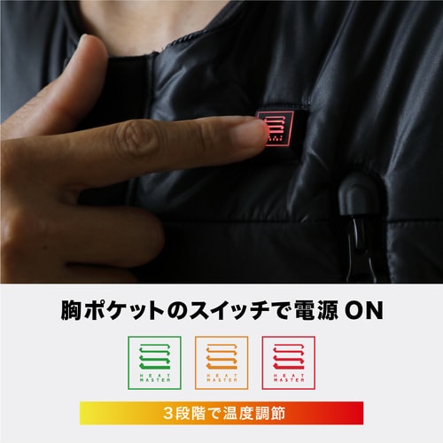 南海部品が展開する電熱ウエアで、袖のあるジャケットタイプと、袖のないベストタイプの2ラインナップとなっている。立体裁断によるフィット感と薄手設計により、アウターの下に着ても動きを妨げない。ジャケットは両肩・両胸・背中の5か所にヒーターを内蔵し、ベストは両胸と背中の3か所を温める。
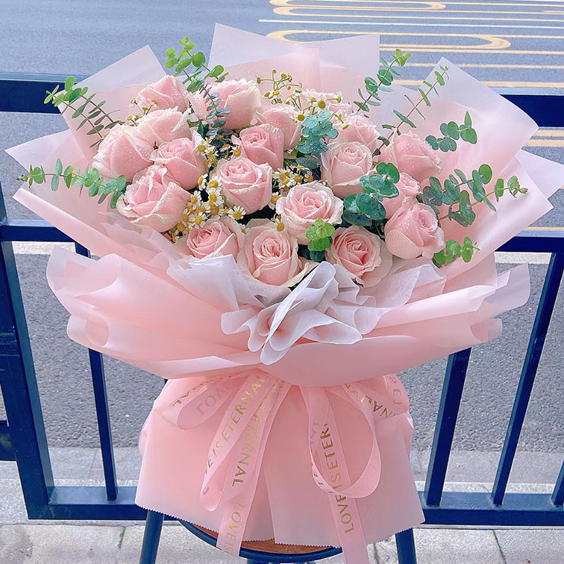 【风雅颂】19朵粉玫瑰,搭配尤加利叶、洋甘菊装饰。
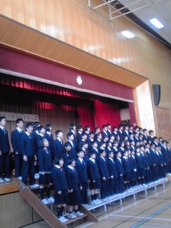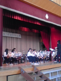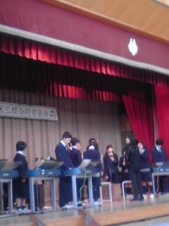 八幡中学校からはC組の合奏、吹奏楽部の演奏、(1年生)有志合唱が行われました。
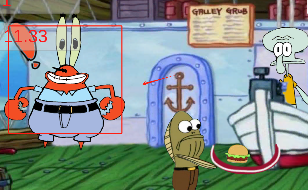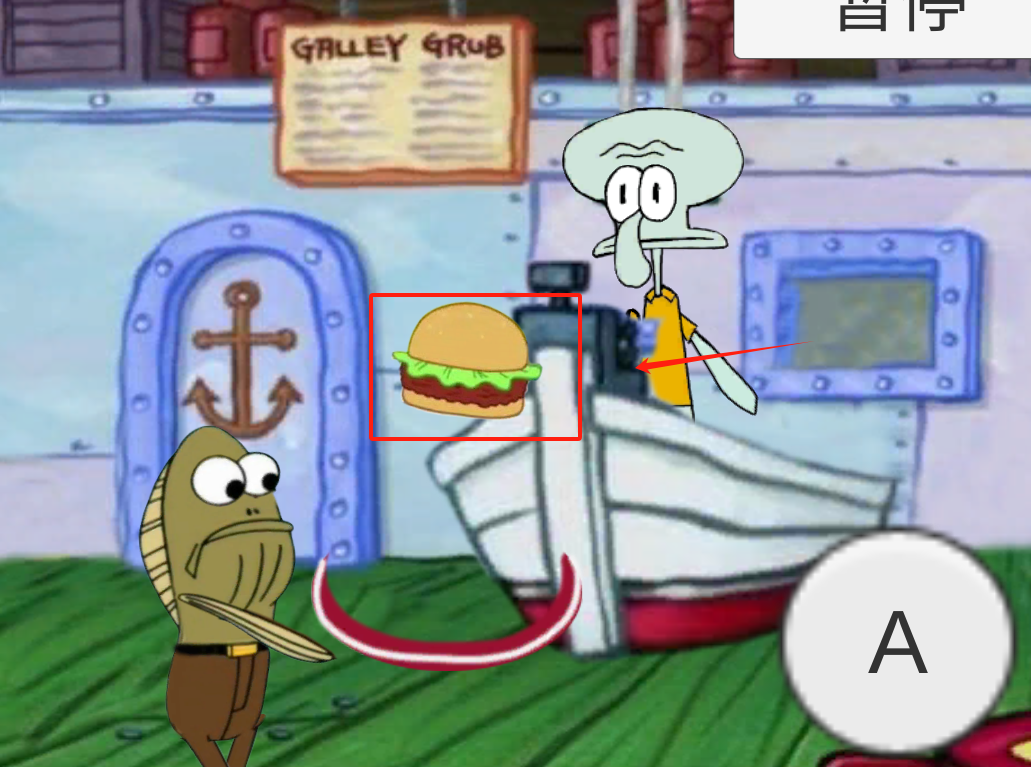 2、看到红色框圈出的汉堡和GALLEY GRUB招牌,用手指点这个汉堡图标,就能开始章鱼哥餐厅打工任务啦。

§ WHAT IS REQUIRED
Every line of the material must be returned verbatim, and pictures must be left behind.

§ EXERCISE SOLUTION
 南海部品が展開する電熱ウエアで、袖のあるジャケットタイプと、袖のないベストタイプの2ラインナップとなっている。立体裁断によるフィット感と薄手設計により、アウターの下に着ても動きを妨げない。ジャケットは両肩・両胸・背中の5か所にヒーターを内蔵し、ベストは両胸と背中の3か所を温める。
 【风雅颂】19朵粉玫瑰,搭配尤加利叶、洋甘菊装饰。
 八幡中学校からはC組の合奏、吹奏楽部の演奏、(1年生)有志合唱が行われました。
 2、看到红色框圈出的汉堡和GALLEY GRUB招牌,用手指点这个汉堡图标,就能开始章鱼哥餐厅打工任务啦。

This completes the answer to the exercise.